Il quadro europeo e i settori trainanti

Il contesto continentale si è dimostrato coeso nel segnare il passo, con l’indice pan-europeo Stoxx 600 che ha toccato un nuovo record storico a 595,96 punti, avanzando dello 0,6%. Londra, superando per la prima volta la quota dei 10mila punti, ha guidato le principali piazze con un rialzo dello 0,9%, seguita da Parigi (+0,6%), Francoforte (+0,4%) e Madrid (+0,5%). A sostenere il sentiment, come spesso accaduto nell’ultimo periodo, vi sono le prospettive di crescita legate agli investimenti in intelligenza artificiale e un quadro macroeconomico globale che continua a essere visto con favore, nonostante le incognite sui futuri movimenti dei tassi di interesse da parte delle principali banche centrali.

Le dinamiche valutarie e delle materie prime

In questo quadro di generale apprezzamento dei rischi finanziari, l’euro ha invece mostrato una lieve flessione, scambiandosi a 1,1729 sul dollaro statunitense, in un contesto di vigile attesa per i prossimi dati economici che arriveranno sia dall’area euro che dagli Stati Uniti, ora con Donald Trump nuovamente alla guida della presidenza. Sul fronte delle commodities, il petrolio ha registrato un moderato rialzo, con il Brent per le consegne di febbraio che ha guadagnato lo 0,7% portandosi a 61,3 dollari al barile, un movimento che riflette tanto le tensioni geopolitiche in alcune aree produttive quanto le aspettative sulla domanda energetica globale per i mesi a venire.
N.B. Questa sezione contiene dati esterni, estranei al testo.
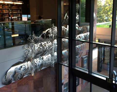 Cloud Forest is located in the entry of Palo Alto’s new state-of-the-art Mitchell Park Library. Inspired by the redwood tree which is the symbol of Palo Alto, the sculpture is an abstracted interpretation of the unique exchange between the coastal redwoods & Pacific Ocean marine layer.  If one looks they can find images within the lacy steel pattern; clouds, birds, seeds, unfurling sprouts, branch bifurcation and more. The steel curves subtly “billow” from the walls to join with the hand-brushed finishes in creating uncommon light reflections. These complex patterns of light & steel signify the worlds within worlds found inside the Library.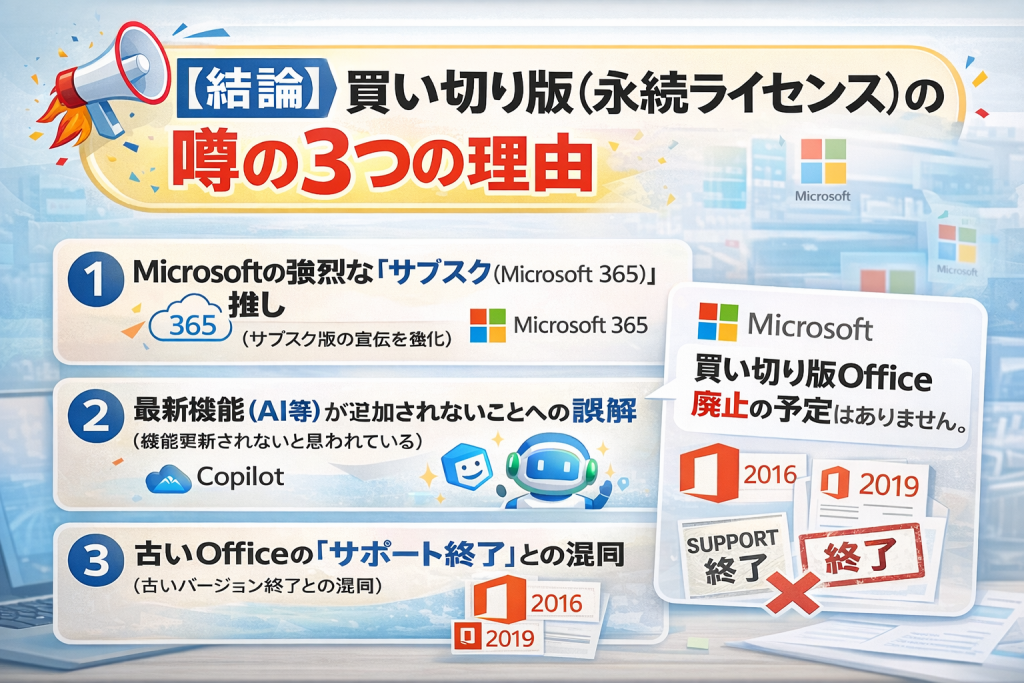 では、なぜインターネット上やSNSで「Officeの買い切り版はなくなる」「永続ライセンスは終了する」といった噂が絶えないのでしょうか? その背景には、以下の3つの理由が関係しています。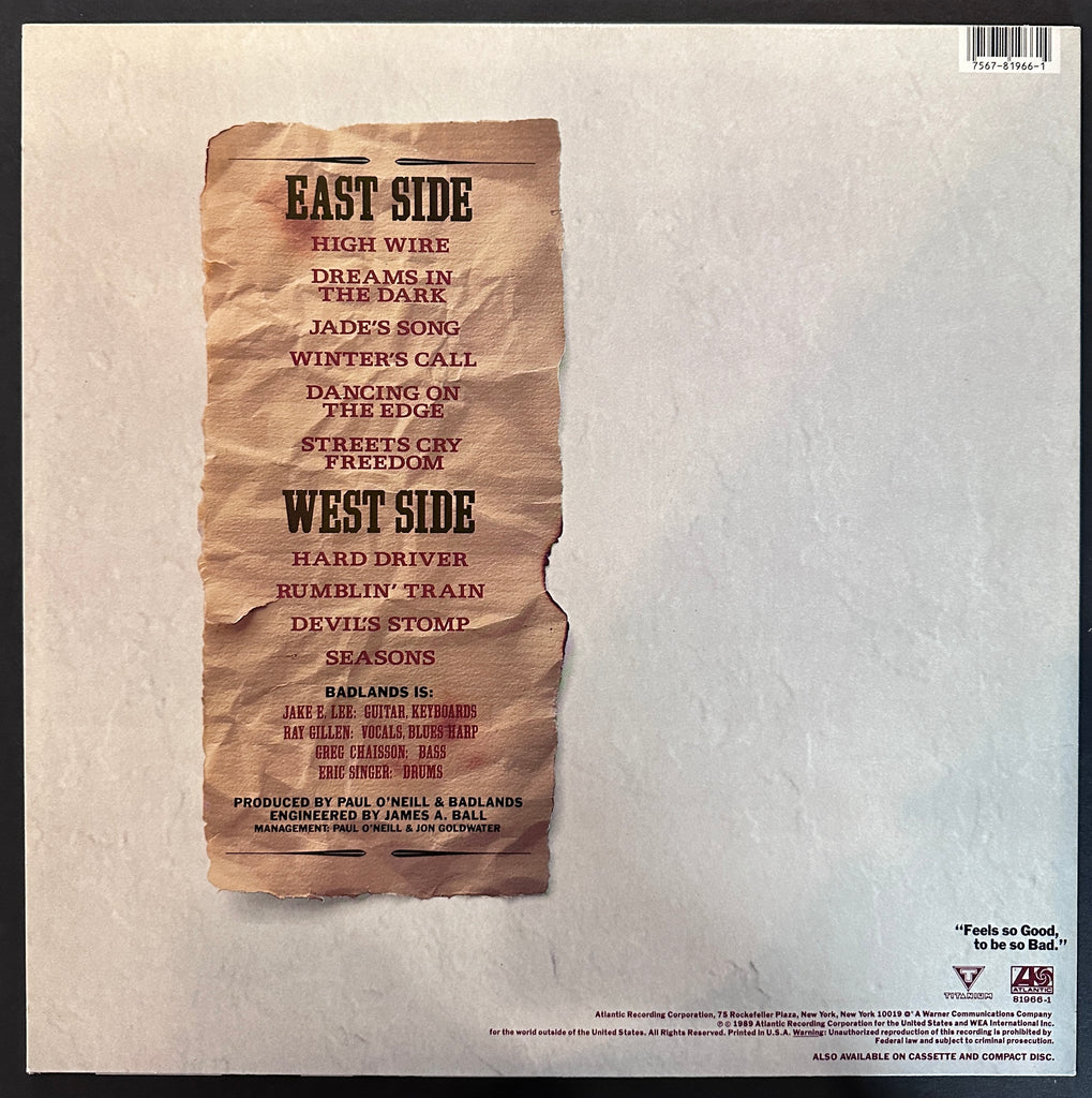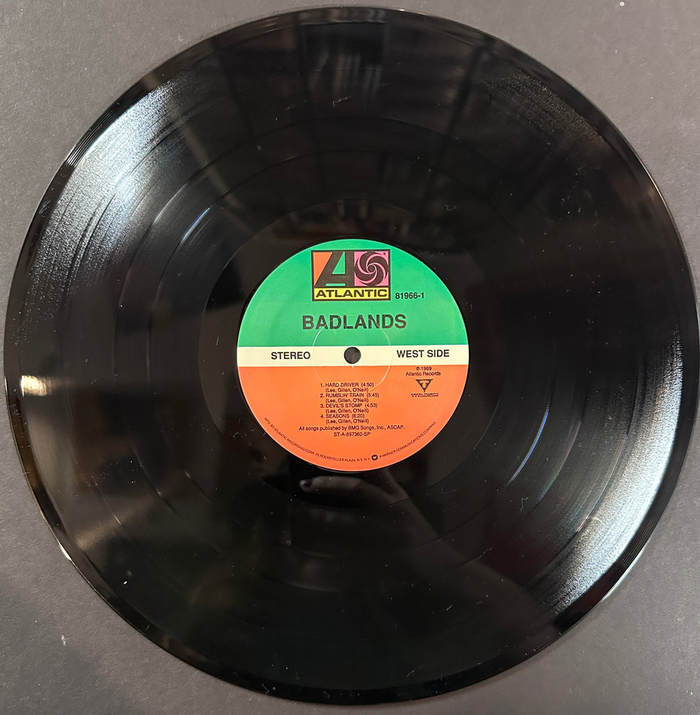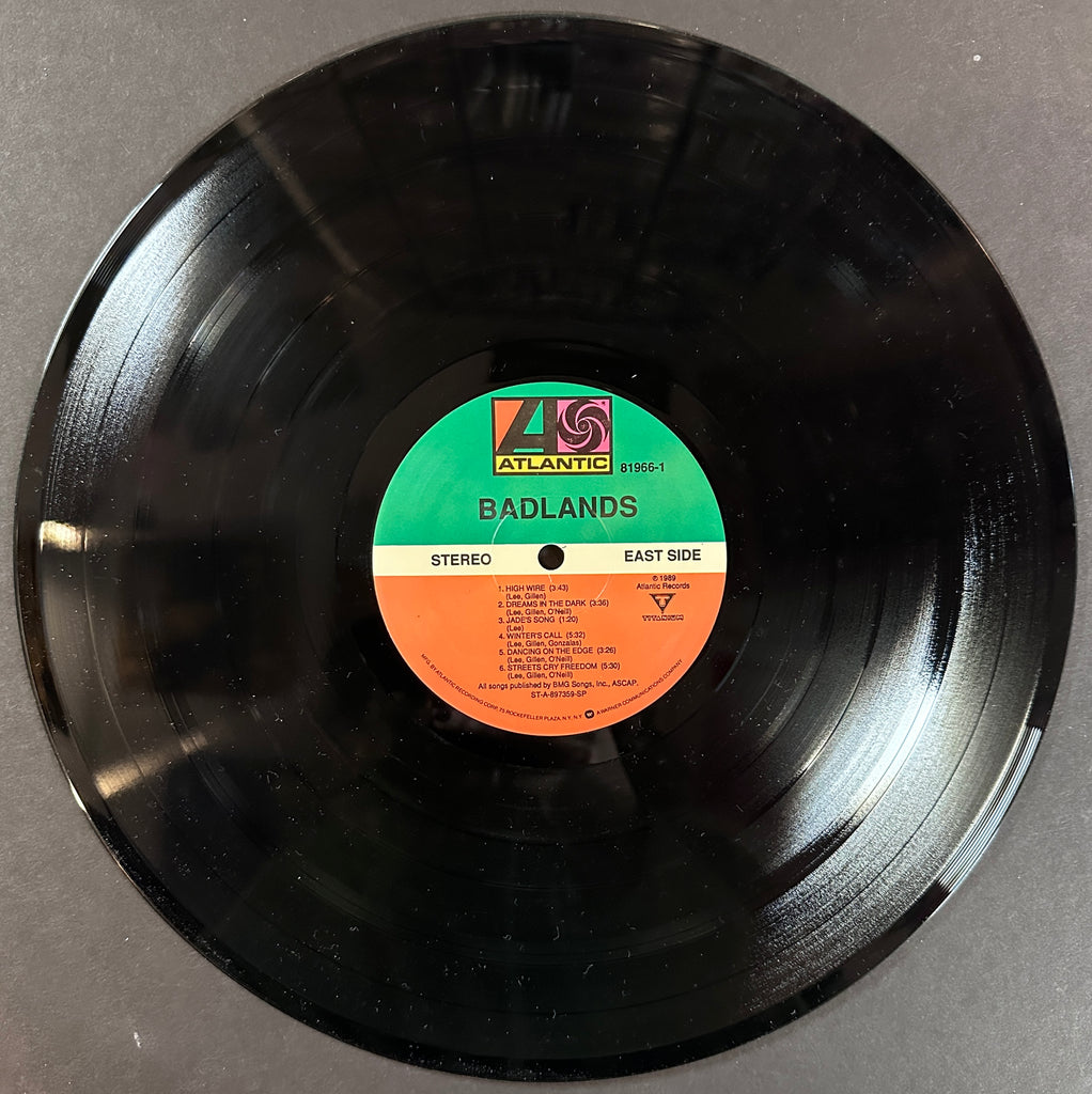 Here's a 1st pressing of hard rock band Badlands' self titled debut album, put out by Atlantic (7 81966-1) in 1989. Bluesy and heavy. Both the cover and the vinyl are VG+.

I titoli sotto i riflettori a Milano

Nello specifico di Piazza Affari, accanto alla solida performance dell’indice, si sono distinte le dinamiche settoriali, con alcuni valori che hanno catturato l’interesse degli operatori. Tra questi, spiccano i comparti dell’aerospazio e della difesa, con Leonardo in netto rialzo, e quello cantieristico, trainato da Fincantieri, entrambi settori tradizionalmente sensibili alle politiche di bilancio dei governi e alle commesse internazionali. In prima fila, con un guadagno del 3%, si è piazzato anche Monte dei Paschi di Siena, a testimoniare come il recupero delle banche italiane rimanga un tema centrale per gli investitori, i quali, pur nella generale propensione al rischio, stanno iniziando a selezionare con maggiore attenzione i titoli su cui puntare per i prossimi trimestri.